Ah well, but I did meet a very sincere worker today at a fast food joint and she made my day. I tookaway some lunch for my lazy elder sis and I. I was struggling with the glass doors - in my left hand were my laptop and the bag of food, while my right hand held my handphone as I was talking. Then this staff came running to me and opened the heavy glass doors. She had a cute sincere smile. I smiled in appreciation and said my thanks - but she out did me by saying an even more enthusiastic "THANK YOU FOR COMING!" Haha.
Customer service that comes from the heart really WOWs me.
cai was here with you at
YWednesday, June 21, 2006
Opus Dei
me: hey, do you know that opus dei exists in singapore?
leong: they do?
me: yeah...? they were like, interviewed by channel newsasia.
leong: sure not? i watched the channel newsasia documentaries leh
me: -____- come on they do, why should i lie anyway?
leong: haha.. this is getting freaky... they could be amongst us
me: haha yeah...
leong: omg! i saw an ah pek limping just now!
dont you just feel like killing him?
cai was here with you at
YSaturday, June 17, 2006
Reborn.
It's time to pop the champagne, folks! My blog's reborn!
I'm kinda surprised: my old blog had loyal readers, just that quite a number of them don't tag. Following the closure of my previous blog, quite a few had asked, out of concern why I shut it down. It's been several weeks already but I was still being asked yesterday. (: And gosh, do I feel touched.

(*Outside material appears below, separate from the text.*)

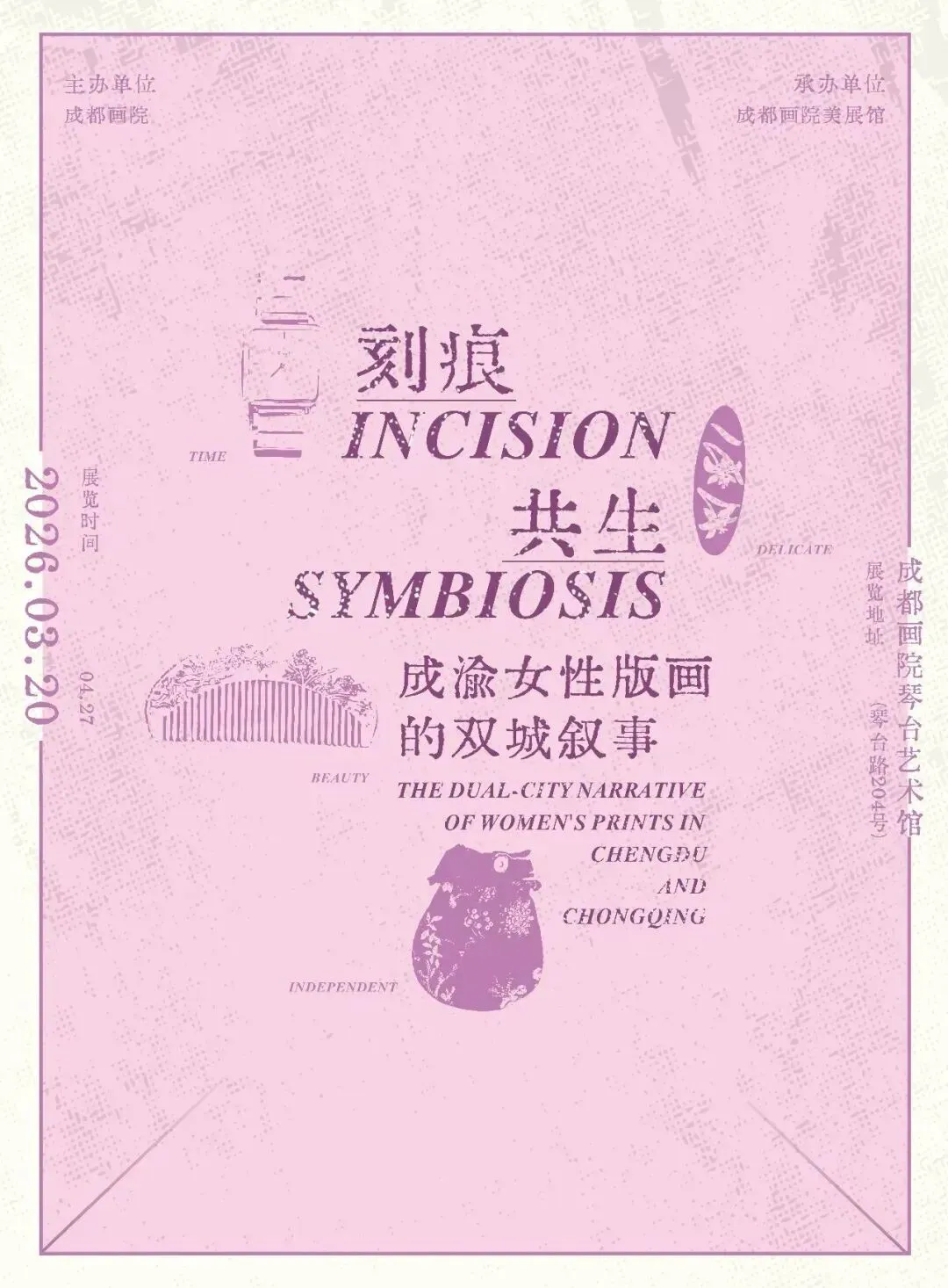 丨介绍丨此次展览汇聚成渝两地二十四位女性版画艺术家的作品,以“刻痕·共生”为名,探寻她们如何在版画的媒介中,刻下属于自己的精神轨迹。在刀与版的碰撞中,地域根脉与时代叙事交融;在印与纸的相融里,女性视角与版画语言共生。

Honestly, I'm not sure what's the main reason behind the closure myself. It could have been that the mundane in life crept up to me, to a point where I had nothing to blog about. It could have been that the common tests were coming up back then, so I shut it down to stop myself from using my notebook unnecessarily. Or, it could have been that there was this subconcious thing in me that wanted to start life afresh. I have no idea, really.
Then again, there are many other things in life that I do, without knowing why so. I guess I'll never know anyways. Neither do I really care to find out. Perhaps we shall leave it that my old blog "died" an unnatural death but the cause of which is not worth investigating.
On the topic of death, I'm reminded of the fate of a fellow schoolmate of mine. I didn't read the newspapers but heard about it from word of mouth that he died in his condo while returning from his night jog last tuesday night. It was a hit-and-run, a real tragedy.
It was said that he died on the spot and was bleeding from the ears, eyes and mouth but had no form of identification on him so his family was not notified by the police until much later (they did find him missing from his room but didn't suspect anything perhaps). It's scary to think that someone who sits in the same lecture hall as me, is suddenly gone just like that.
Sheesh. "Life", why's it so fragile... so cruel?
But then again, I'm talking about "Life" in inverted commas. Perhaps the lives we're currently living are unreal and that our real lives are our after-lives. In other words, our real lives may start at the point at which we die. Or maybe I'm not making any sense to you... Hmm, I'm not quite sure how to put it either, just that I don't see death as a permanent departure. Yep. So that's kinda explains why I like the last verse of a song by Oasis that goes, "We're all of us stars, we're fading away, just try not to worry, you'll see us someday...".
Death, it's not the end... or is it?